このあと、垂直ループのように急上昇します

   
        
ループ&ターン

垂直ループのように回って、反転したところで、半ひねり。その後は水平ループに移行します。この前半は結局、コブラロールの半分ということになります。

   
ループ&ターン 続き(中間部)

        
ループ&ターンの後半、すなわちターン(水平ループ)の部分

       
  
2回転キリモミスクリュー

水平ループで約1周まわり終えたあたりから次の2回転キリモミスクリューに移行します。写真は1回転(ひねり)目。(右から左に走行中

       
この連続2回ひねりも、ハードです(2回転目)
(この写真は左から右へ走行)

     
   
2回転キリモミスクリューを抜けたら、事実上「終わり」です。 ここから約1周大回りして、最後は「流す」といった感じで終了します。せっかく盛り上がっていたのに、終わり方が低調で、いまひとつすっきりしない感じなのが残念です。

      
壁が削られているところ

まあ、これは「おまけ」みたいなものかな。
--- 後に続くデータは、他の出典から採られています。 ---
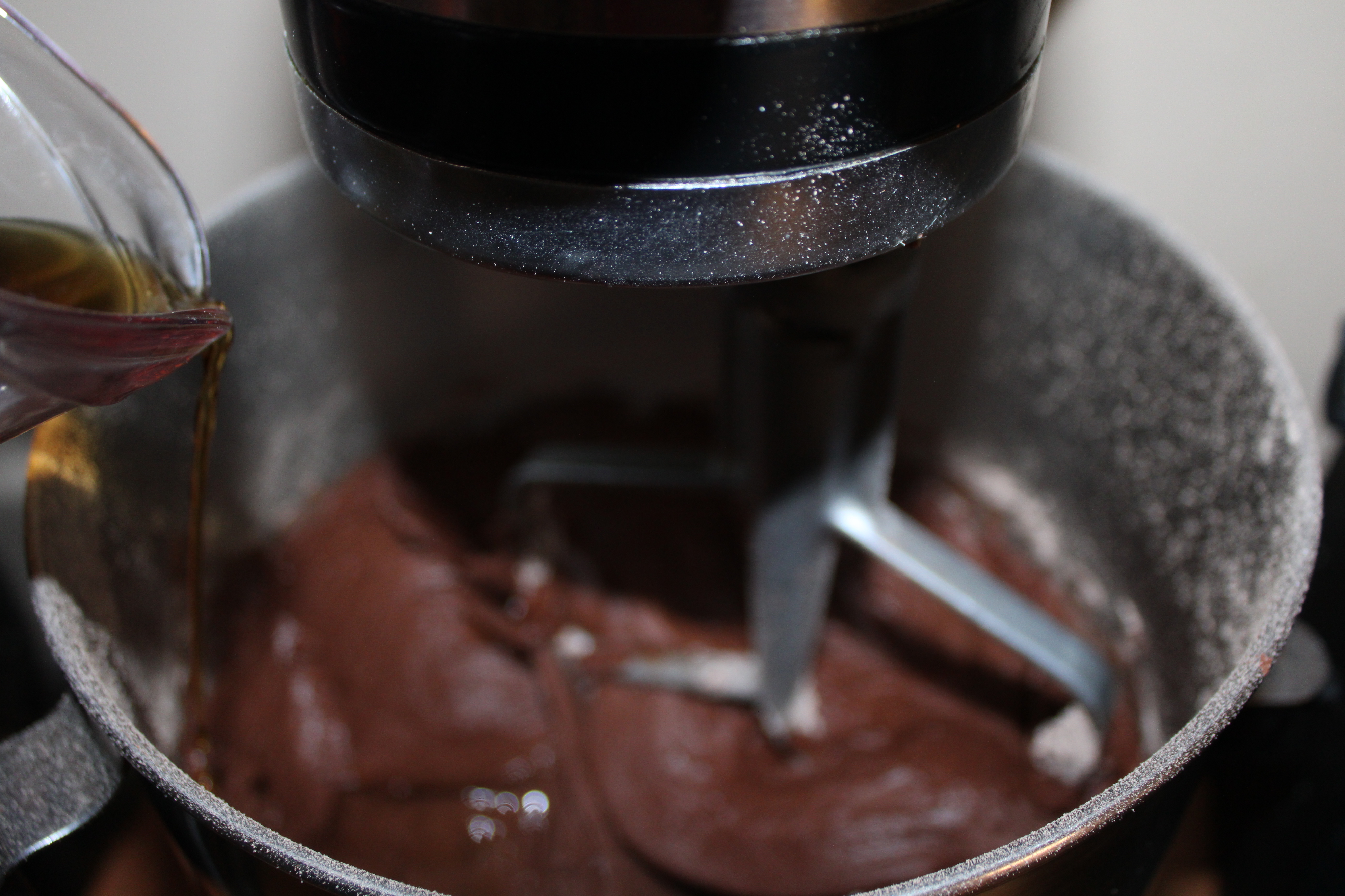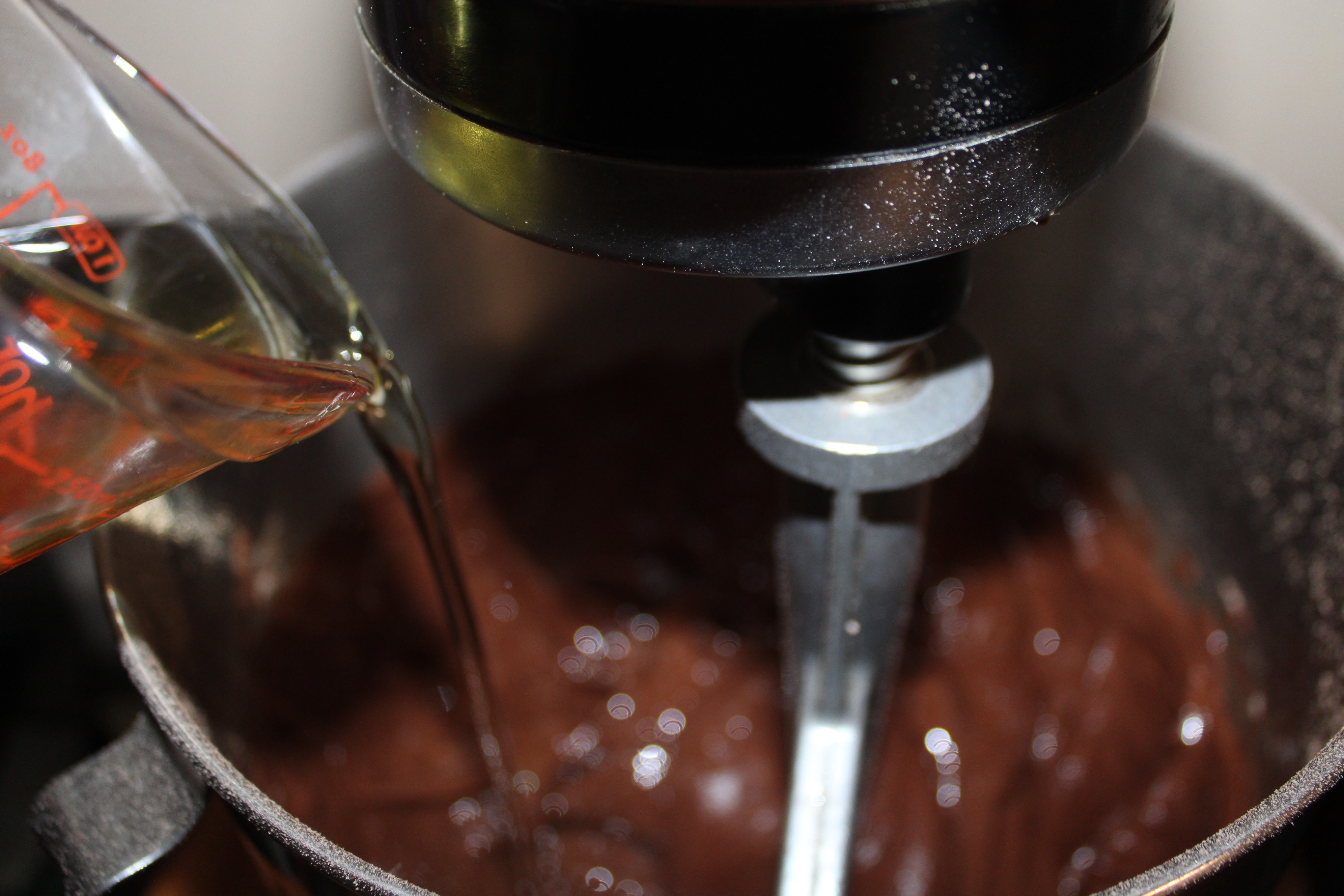In the bowl of a stand mixer, blend cake mix with cocoa powder. Add warmed water, coffee and oil. Beat on low speed, adding eggs one egg at a time. Continue to beat at low speed until batter is moistened, about 30 seconds.

最後が盛り上がりに欠けるレイアウトなので、少しでもインパクトを加えようと追加された「仕掛け」のようです。

駅舎に入る寸前のところなんですが、このように壁が削ってあって・・・

   
   

ちょうど90度カクッと曲がるところで、こんなふうに壁にぶつかりそうになりますから、誰でも思わず「ウォ〜〜っ」といった感じになります。

  
  

言ってみれば「子供だまし」みたいなものですが、そう馬鹿にしたものではなく、なかなかイケます。駅舎の直前ですから、ほとんど止まりそうなスピードなんですが、けっこうヒヤッとして面白いんですよ。

   
  
     
まとめ

このブラックアウトは、コースレイアウトを見ただけで、かなりの「すごさ」であることは容易に想像出来ると想います。全長600mそこそこの中にこれだけの内容を盛り込んであれば、まさに息つく暇もないくらいの回転の応酬となり、極めてハードなマシンといえます。

ただし、実際に乗ってみると、そういったレイアウトによる激しさというばかりでなく、ところどころ何だか異様な激しい横揺れ(振動)を伴うので、このために頭頸部にひどい負荷がかかり、その結果、極めて「体に悪い乗り物」となっているような気がします。「ハード」と言ってしまえばそれまでなのですが、これはどうも「楽しさ」に結びついてくれない感覚のような気がします。

それと、全体の構成として、終わり方が悪い。ラスト1周残して「終わってしまう」ので、最後「シラ〜〜っとした感じ」になってしまいます。それでまた、その最後に上↑の削れたところにやって来て、「わァオ!」とかいうことになると、締まりのないこと甚だしいです。

評価に困るマシンです。ただし、とにかくすごくハードであることは間違いない。